The Israeli blockade of Gaza is far from being total: forbidden are only those goods and materials which threaten the security of Israel. There has never been any restrictions on foodstuff and basic goods. Here is a quotation (taken from the Internet) from Adrien Jaulmes’ story in Le Figaro:
The shops in the city of Gaza are full of various goods, trays burst with fruits. In electrical appliances shops you can buy extra-large refrigerators, in telephone boutiques you can purchase the latest models of mobile phones. Computers, playstations, toys, stylish bridal dress, drags, seasonings; nothing indicates any sort of crisis, not to speak of a humanitarian crisis.
The blockade is not everlasting, and – although this may sound surpising to the defenders of Peace and Justice – its duration depends on those who are fond of shelling Israeli cities: as long as they launch the Qassam rockets, the blockade continues; once they stop shelling and live in peace with us, the blockade is left. As simply as that.
And now about the flotilla "peace activists." Why in the quotation marks? Because those who call themselves so are not naïve; they knew well that they were going to trespass the Israeli border.

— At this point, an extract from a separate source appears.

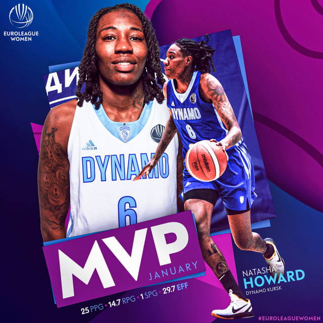 MUNICH (Germany) - Natasha Howard has been named EuroLeague Women MVP for the month of January after her performances ensured Dynamo Kursk a spot in the Quarter-Finals.
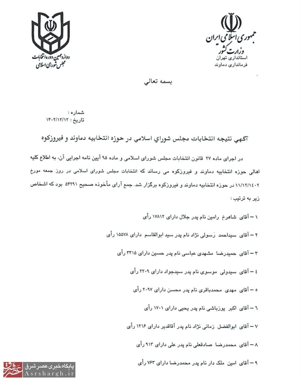 به گزارش پایگاه خبری عصر شرق، در اجرای ماده ۲۷ قانون انتخابات مجلس شورای اسلامی و ماده ۹۵ آیین نامه اجرایی آن به اطلاع کلیه اهالی حوزه انتخابیه دماوند و فیروزکوه میرساند که انتخابات مجلس شورای اسلامی در روز جمعه مورخ ١١/١٢/١۴٠٢ در حوزه انتخابیه دماوند و فیروزکوه برگزار شد.

They consciously decided to commit the offence, and not in order to alleviate the suffering of the hungry. In Israel, as in any other country, there are custom houses where the officers examine goods and decide, according to the custom regulations, if these goods can be brought into the country. In this respect Israel does not differ from other countries. But if a citizen of other country tries to cross the border in a place which is not meant for crossing, he is considered a trespasser. In any country, even the most democratic one, the trespassors are brought to trial.
This is a matter of common knowledge. Your "peace activists" could bring their humanitarian aid legally, through the front door, as in the end they were compelled to do. But their goal was to cause a sensation, and they tried to enter through the window. Quite expectedly, they were met by the border guards whose job, as with their collegues in any other country, is to arrest the trespassers. Is the USA any different in this respect?
I dwell on this topic at length because for some reason some people feel difficulty to understand the causative connection between the events: the publicly declared criminal intent to trespass the border, the disregard of the repeated warnings by the guards, the attack on the guards, and their inevitable response. It would indeed be absurd to suppose that the border guards in any country would shoot unarmed, peaceful, and innocent people. And to think so of the Israeli soldiers, boys raised in Jewish families by Jewish mothers, is to be out of one’s mind.
Thus, one should realize and remember that:
- the Israelis have never initiated war;
- the Israelis have never shooted people except for self-defence, and even then they have never intentionally shooted civilians;
- the Israelis are happy in that they have a state of their own and they cherish it very much;
- the Israelis are content with their land and care of it very much;
- for God’s sake, leave Israel in peace!